Community Impact
Honoring His Wife’s Generous Spirit
Jim Frawley may be 95 but you’d never know it. He’s upbeat and his mind is as responsive as anyone half his age.
What’s as remarkable is that he was married for 72 years to the same woman. His long-term relationship with his wife, Eleanor, is something in which he takes pride since quickly changing wives, workplaces and everything else has become the norm.
“She had such a pleasant disposition, nothing phased her,” says Jim. This quality made her a wonderful spouse, and sought-after friend and volunteer for their church, St. Dominic in Southington.
“Eleanor was so humble and really lived her faith,” said Mary Anne Plourde, liturgy lay minister. “Their support of the Community Learning Center showed the generous heart yet vision she had.”
Their long life together included a separation when Jim served for three years in the Navy during WWII and lean times afterward. Fortunately, this was followed by his successful 31-year career at Fafnir Bearing in New Britain.

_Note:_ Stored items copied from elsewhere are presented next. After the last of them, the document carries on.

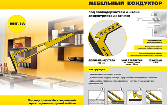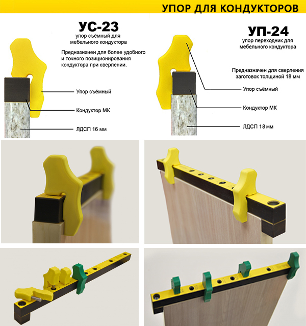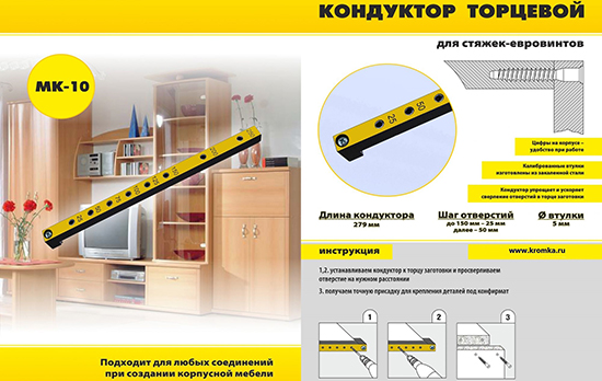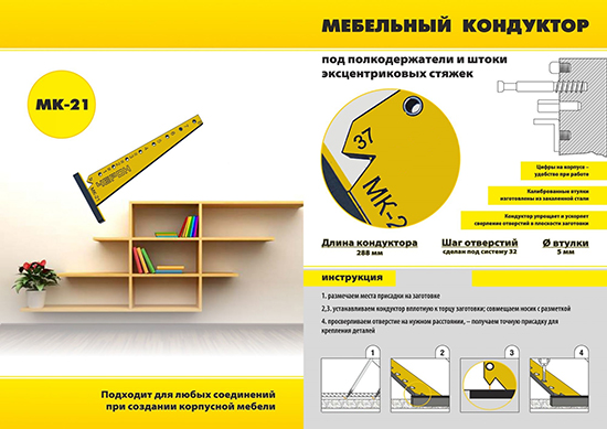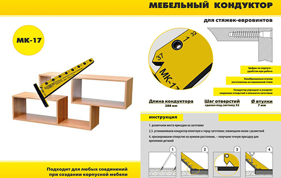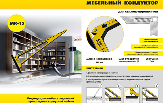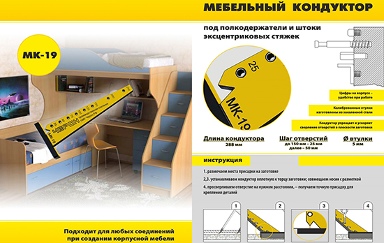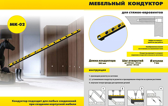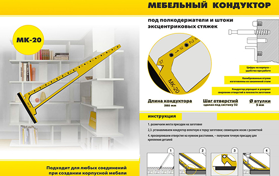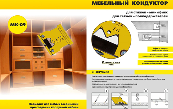 Мебельный кондуктор для эксцентиковых стяжек (минификс) , стяжек-полкодержателей. D отверстий: 7 мм и 4мм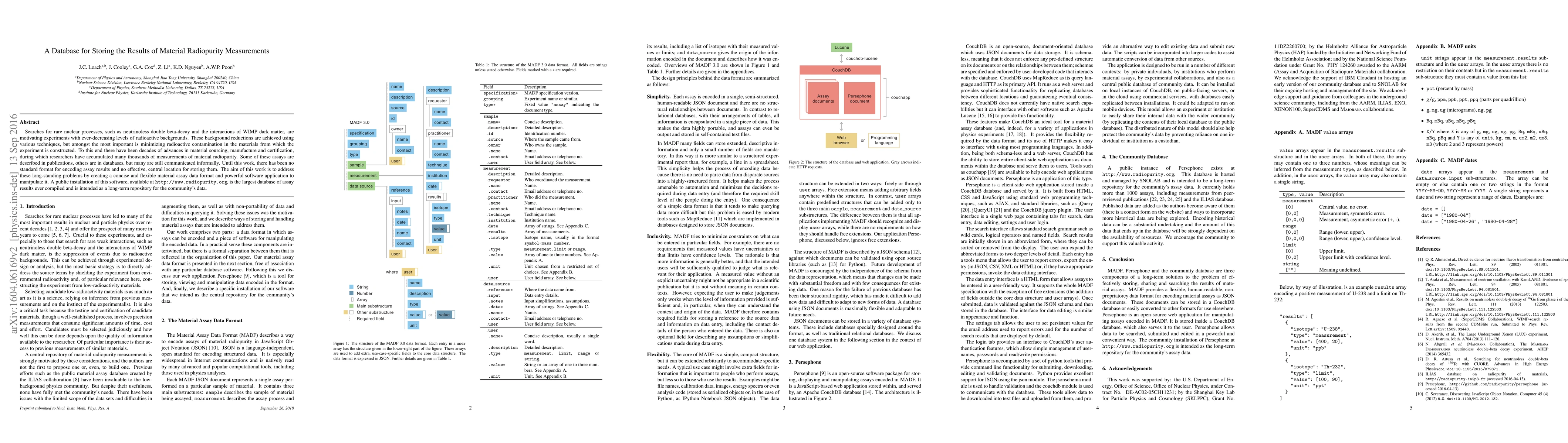 This paper introduces a new database designed to store and standardize the results of material radiopurity measurements, crucial for experiments aiming to detect rare nuclear processes. The database aims to consolidate and formalize the dissemination of assay results, providing a central repository for the research community.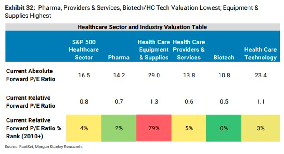 此外大摩认为医药股也将跑赢大盘,原因在于制药、医疗保健服务供应商、生物科技、医疗保险技术等板块的相对估值都处于2010年的低位,目前仅有医疗器械板块相对估值较高。
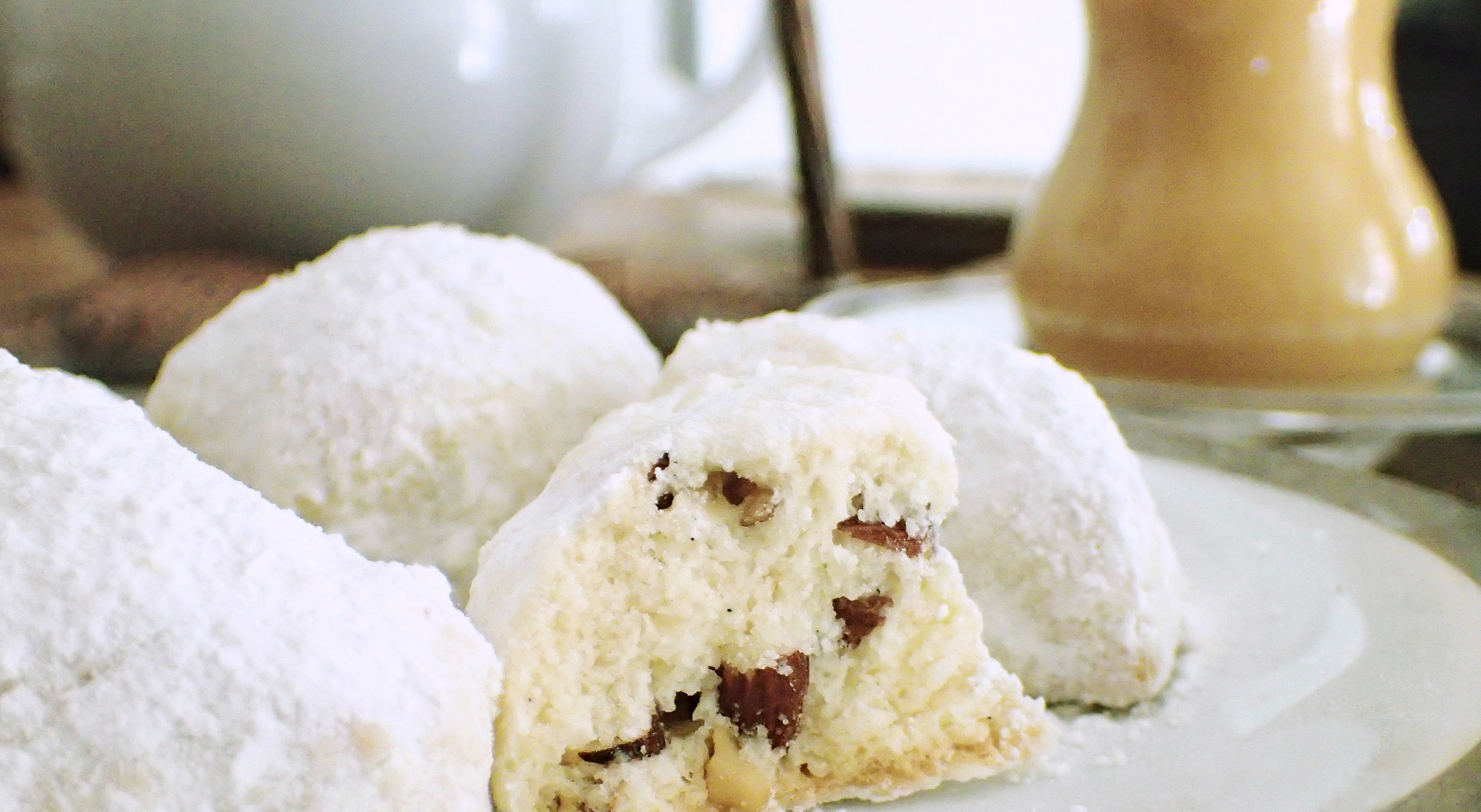 Kourabiedes! Also eggless, but rich with butter. These are light, crumbling, snowy white, and the perfect counterpart to soft, dark, and spicy melomacarona. They also take less time. (Here’s how to make Kouabiedes, Greece’s favorite Holiday Butter Cookie.)
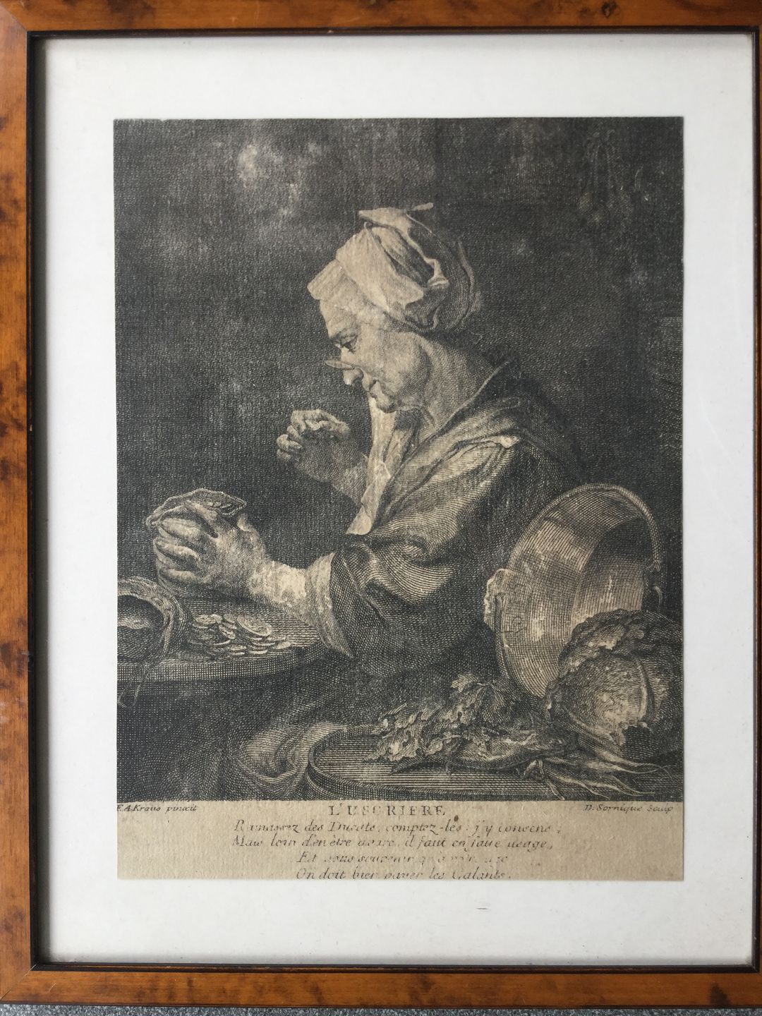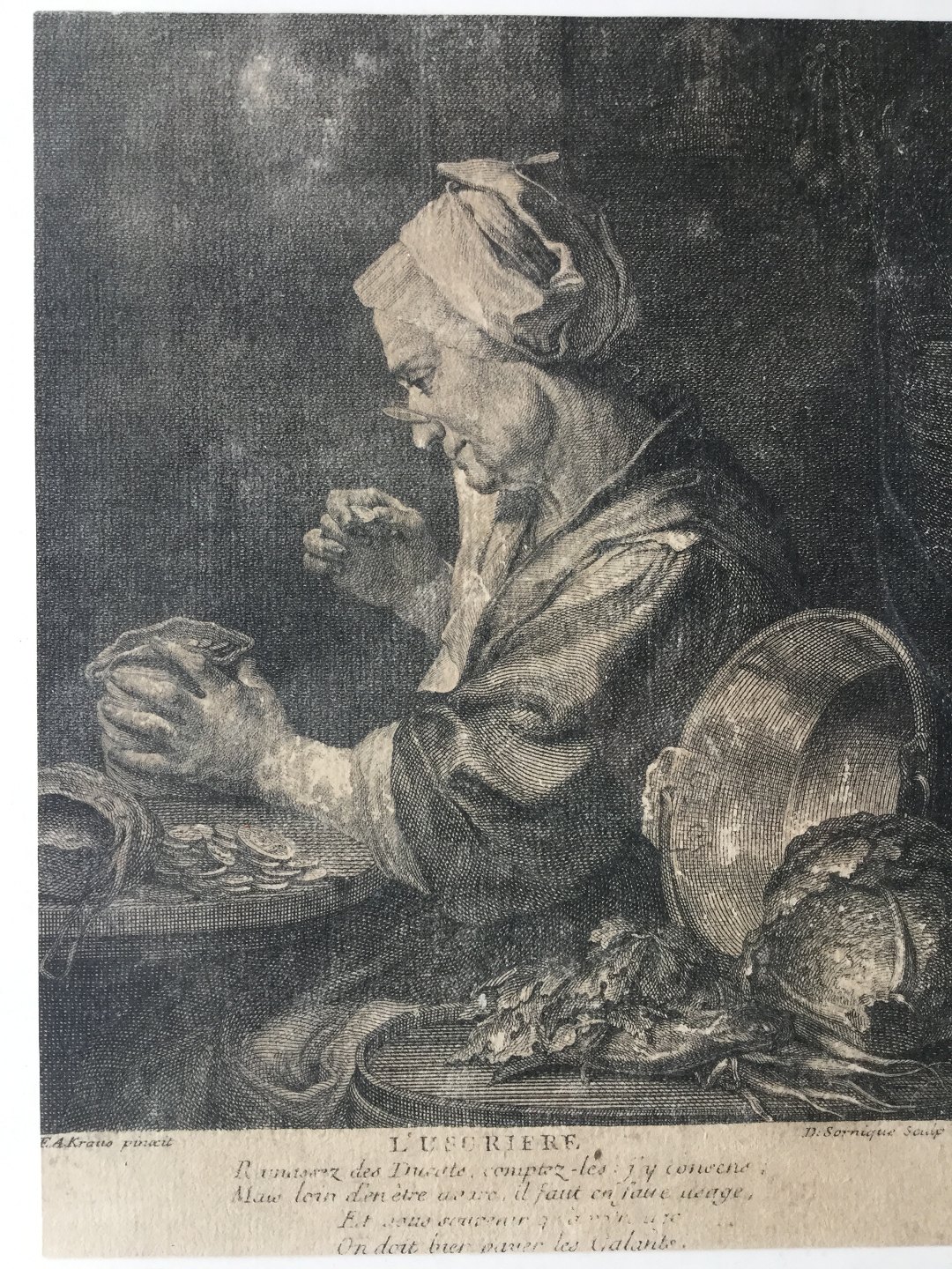 Kobberstik af Dominique Sornique - Kvinde der studere mønter.

At the end of each day Jim worked on their house. This haven would become the base for all they loved to do together. Its basement is sectioned off with a cold room for the goods they canned and wine Jim has made each year for the past 50. It has a “cook” room where Jim made fresh pasta, a woodworking area, and a rec room where Jim, who taught himself guitar, and other musician friends had great times playing country music.
The couple’s love of country led them to Nashville each year for the Steel Guitar Convention, and they visited nearly every state in the U.S.
“We didn’t travel overseas,” Jim explains. “Eleanor said there was so much to see here and she was so easy to please.”
In many ways she was the perfect partner—an expert cook and baker, good housekeeper and gardener, and she worked to help with expenses and had her own hobbies. She was left handed and taught herself to knit and crochet. Over the years she made hundreds of throws, sweaters and sought-after, intricate doll outfits, yet enjoyed giving them away as much as making them.
Shortly after she passed in 2009, grateful for the kindness he experienced having such a loving partner and to honor her giving nature, Jim set up the Jim and Eleanor Frawley Fund with the Main Street Community Foundation. The unrestricted fund will share the blessings they’ve known with many others. Something she would have done.